4. A method according to any preceding claim, wherein the difference data comprises a difference between reference block data in the enhancement layer and the base layer,

5. A method according to any of Claims 1 to 3 , wherein the difference data comprises transformation coefficients defining transformation differences between reference block data in the enhancement layer and the base layer.

6. A method of generating enhancement layer prediction data in an adaptive reference fine granularity scalability encoder or decoder, the method comprising: generating reference data by combining data in accordance with scaling parameters such that the scaling parameters are set in dependence upon the probability of reference data values changing in the enhancement layer; and generating the prediction data in dependence upon the generated reference data .

7. An adaptive reference fine granularity scalability encoding or decoding method, comprising: calculating a weighting factor for use in combining difference data with base layer data; adjusting the weighting factor in dependence upon the magnitude of the difference data; combining the difference data and the base layer data in accordance with the adjusted weighting factor to generate reference data; and generating enhancement layer prediction data using the generated reference data.

8. A method according to Claim 7, wherein the weighting factor is adjusted in linear dependence upon the magnitude of the difference data.

9. A method according to Claim 7 or Claim 8 , wherein the weighting factor is adjusted by an amount dependent upon its non-adjusted value and the magnitude of the difference data.

10. A method according to any of Claims 7 to 9, wherein the weighting factor is reduced by an amount which increases as the magnitude of the difference data increases.

11. A method of encoding or decoding a sequence of images in accordance with base layer data and enhancement layer data, wherein: the enhancement layer data is generated by comparing reference data with base layer data to generate prediction error data; and the reference data is generated by: calculating a difference between reference data in the enhancement layer and reference data in the base layer to generate differential reference data; determining the magnitude of the values in the differential reference data; scaling the differential reference data in dependence upon the determined magnitude values to generate scaled differential reference data; and combining the scaled differential reference data with base layer reconstructed data.

12. A method according to Claim 11, wherein the process of scaling the differential reference data comprises scaling each value by a respective scaling factor set in dependence upon the magnitude of the value in the differential reference data.

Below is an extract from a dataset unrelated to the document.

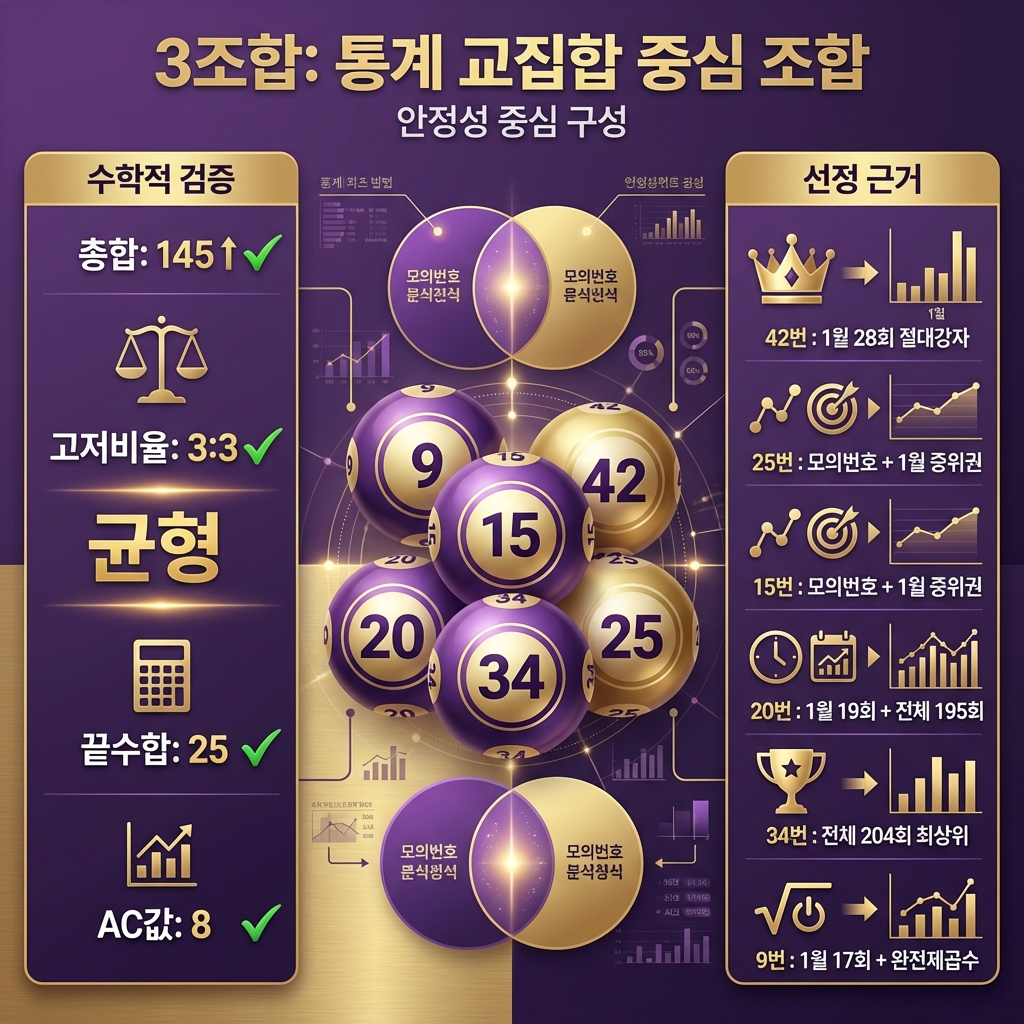 지금까지의 분석을 종합하여 통계적 근거가 명확한 3개 조합을 제시합니다. 모든 조합은 수학적 검증을 거쳤습니다.

13. A method according to Claim 11, wherein the process of scaling the differential reference data comprises scaling the values by a scaling factor set in dependence upon an average of the magnitudes of the values in the differential reference data.

14. A method of encoding or decoding a sequence of images in accordance with base layer data and enhancement layer data, wherein: the enhancement layer data is generated by comparing reference data with base layer data to generate prediction error data; and the reference data is generated by: determining whether all of the values of reference data in the enhancement layer are 0 ; in a case where the values are not all 0 : (i) calculating a difference between the reference data in the enhancement layer and reference data in the base layer to generate differential reference data;

(ii) scaling the differential reference data; and {iii} combining the scaled differential reference data with base layer reconstructed data; in a case where all of the values are 0 : omitting processes (i) , (ii) and (iii) and using reference data from the base layer.

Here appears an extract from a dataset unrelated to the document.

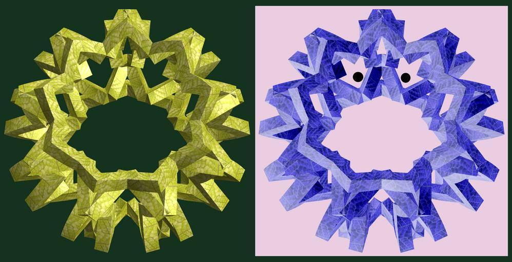 Keywords: mathematica 3d cg parametricplot3d texture torus code program algorithm プログラム コード アルゴリズム 輪環 りんかん ドーナツ どーなつ 八芒星 はちぼうせい geometric sculpture geometricsculpture shape geometry sculpture mapping テクスチャ マッピング 模様 もよう abstract 抽象 ちゅうしょう アブストラクト design pattern デザイン パターン graphic グラフィック グラフィクス structure 意匠 構造 symmetry 対称性 たいしょうせい シンメトリー 対称 たいしょう foliage plant leaf a = 8; (* center hole size *) b = 8; (* octa-torus *) c = -1; (* distance from the center of rotation *) d = 9; (* number of torus *) h = 1; (* height of a torus *) SetOptions[ParametricPlot3D, PlotRange -> Full, Mesh -> None, Boxed -> False, Axes -> False, PlotPoints -> 400, ImageSize -> 3000, Background -> RGBColor[{20, 50, 30}/255], PlotStyle -> Directive[Specularity[White, 30], Texture[Import["D:/tmp/71.jpg"]]], TextureCoordinateFunction -> ({#4, #5 Pi} &), Lighting -> "Neutral"]; f[v_] := TriangleWave[{-1, 1}, v/(2 Pi)]; g[v_] := TriangleWave[{-1, 1}, v/(2 Pi) + 1/4]; x = (a - g[t] - f[b s]) Cos[s + Pi/(2 b)]; y = (a - g[t] - f[b s]) Sin[s + Pi/(2 b)]; z = (a - f[t] - h f[b s]) + c; rm = Table[{x, y, z}.RotationMatrix[2 i Pi/d, {1, 1, 0}], {i, d}]; ParametricPlot3D[rm, {t, 0, 2 Pi}, {s, 0, Pi}] (*--- The Texture *) a = 8; (* center hole size *) b = 8; (* octa-torus *) c = -1; (* distance from the center of rotation *) d = 9; (* number of torus *) h = 1; (* height of a torus *) SetOptions[ParametricPlot3D, PlotRange -> Full, Mesh -> None, Boxed -> False, Axes -> False, PlotPoints -> 400, ImageSize -> 3000, Background -> RGBColor[{20, 50, 30}/255], PlotStyle -> Directive[Specularity[White, 30], Texture[Import["D:/tmp/71.jpg"]]], TextureCoordinateFunction -> ({#4, #5 Pi} &), Lighting -> "Neutral"]; f[v_] := TriangleWave[{-1, 1}, v/(2 Pi)]; g[v_] := TriangleWave[{-1, 1}, v/(2 Pi) + 1/4]; x = (a - g[t] - f[b s]) Cos[s + Pi/(2 b)]; y = (a - g[t] - f[b s]) Sin[s + Pi/(2 b)]; z = (a - f[t] - h f[b s]) + c; rm = Table[{x, y, z}.RotationMatrix[2 i Pi/d, {1, 1, 0}], {i, d}]; ParametricPlot3D[rm, {t, 0, 2 Pi}, {s, 0, Pi}] (*--- The Texture *) |

15. A method of encoding or decoding a sequence of images in accordance with base layer data and enhancement layer data, wherein: the enhancement layer data is generated by comparing reference data with base layer data to generate prediction error data; and the reference data is generated by; processing values of reference data in the enhancement layer to identify non-zero values and zero values ; for each non-zero value:

(i) calculating a difference between the reference data value in the enhancement layer and the corresponding value in reference data in the base layer to generate a difference value;

(ii) scaling the difference value; and (iii) combining the scaled difference value with a corresponding value in base layer reconstructed data; for each zero value: omitting process (i) , (ii) and (iii} and using reference data from the base layer.

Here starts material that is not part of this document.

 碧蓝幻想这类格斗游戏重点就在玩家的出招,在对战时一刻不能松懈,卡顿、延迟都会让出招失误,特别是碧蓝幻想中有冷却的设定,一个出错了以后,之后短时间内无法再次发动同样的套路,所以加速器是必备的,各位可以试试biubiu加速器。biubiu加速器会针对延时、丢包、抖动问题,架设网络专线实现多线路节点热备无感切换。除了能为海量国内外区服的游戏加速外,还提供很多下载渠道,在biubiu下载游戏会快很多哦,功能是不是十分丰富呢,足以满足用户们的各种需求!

16. A method of encoding or decoding a sequence of images in accordance with base layer data and enhancement layer data, wherein: the enhancement layer data is generated by comparing reference data with base layer data to generate prediction error data; and the reference data is generated by: calculating a difference between reference data in the enhancement layer and reference data in the base layer to generate differential reference data; transforming the differential reference data to generate transform coefficients; determining the magnitude of the transform coefficients ; scaling the transform coefficients in dependence upon the determined magnitude values to generate scaled transform coefficients; inverse-transforming the scaled transform coefficients to obtain modified differential reference data ; and combining the modified differential reference data with base layer reconstructed data.

17. A method according to Claim 16, wherein the process of scaling the transform coefficients comprises scaling each transform coefficient by a respective scaling factor set in dependence upon the magnitude of the transform coefficient.

18. A method according to Claim 16, wherein the process of scaling the transform coefficients comprises scaling the transform coefficients by a scaling factor set in dependence upon an average of the magnitudes of the transform coefficients.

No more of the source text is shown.